We want to expand, we want to get with the group tours and get those buses to not just pass through. We have a lot passing through and a few that stop and do some things here and move on. We really have a long list that we're just all excited about doing, just jumping up and down and going 'oooh I can't wait to get this started.'
Q How important do you think it is for people locally to know what you're doing?
A I think it's major. I think people here want to be visible, we want to be seen and heard, want to take people's input because again, people will come to the visitors center and ask what is there to do, and they'll get brochures and ask a good place to eat and what have you, and we'll be happy to tell them that. So everybody really kind of needs to know where we're at and what we're talking about.
Our big slogan, what we're working with, is 'Virginia's Backyard.' Because we're going from the standpoint that you know how much fun it was when you were little to go in the back yard and go camping. Well if you go to Virginia's back yard, which is here, and go camping it's even better. The same thing, you might have had your kiddie pool out back to go swimming. Well, come here and do it in the Cascades.
We're saying we have a hometown feel, only better. If you come and visit us here, there's a myriad of things to do, but it's not big and commercialized, it's not Busch Gardens and it's not Disney World, it's just a really nice place to come and relax and enjoy yourself and feel free and loose and like a kid again. And it's good for people here to feel that way too, to say this is our back yard and look what we have.

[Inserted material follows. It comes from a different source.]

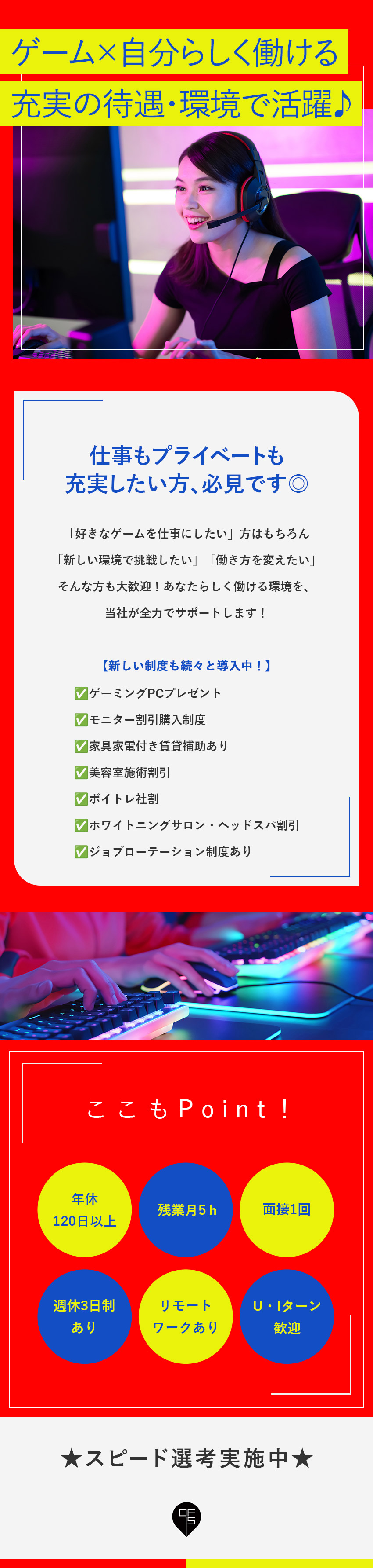 eスポーツ総合職(ゲーム大会企画運営・事務等)年休129日可

Q Who is your tourism audience?
A Our biggest draw is more or less the East Coast. We're kind of centrally located for people who go down to Florida or up to New York, so we do get a lot of pass-through, or if you will, accidental traffic. We'd like to get them to stay longer, to notice us. Virginia, North Carolina, Maryland, those kinds of people. As far as advertising goes, we generally advertise up and down the coastal areas, over in Ohio, Kentucky.
Believe it or not we get a lot of people from Texas just in our studies. I don't know why that is.
I think we mostly stay along the coast, because I don't think anybody's going to come from California to stay here for a week. If they're going to come that far, they're going to go to the beach or Williamsburg, which is fine, because it's still spending money in Virginia.
Q What else do you think it's important for people to know about your new endeavor?
A I believe the tourism program in the past three years has gotten a good foundation. I have been working at it three years, and I understand better than when I started what we need to do, what our strengths in this area are, which I think puts us in the ideal spot now for starting full force.
I think we can we see some real tangible success quickly. I feel very excited about that. I think maybe not all of the citizenry, but plenty have shown a great deal of interest in the whole idea and what it's about. I sincerely hope they will be in touch with us and talk to us and let us know what their thoughts and feelings are.
I've never been afraid of criticism or suggestions of critiques. I love to get advice. It doesn't mean I'm going to take any of it, but at least that way you know what people are thinking, and you try to take that into consideration in everything that you do.
There's a lot of self-proclaimed experts out there, and I'm not going to tell you I know more than any of them, but oftentimes they don't know the whole story; they only know what they've heard or what they believe. And if they feel strongly about it, coming in and talking to me, I would totally welcome that.
I hope critics of the program up to this point -- not that they were wrong -- but I hope they would be as vocal of our successes as they come along and support what we're doing as well.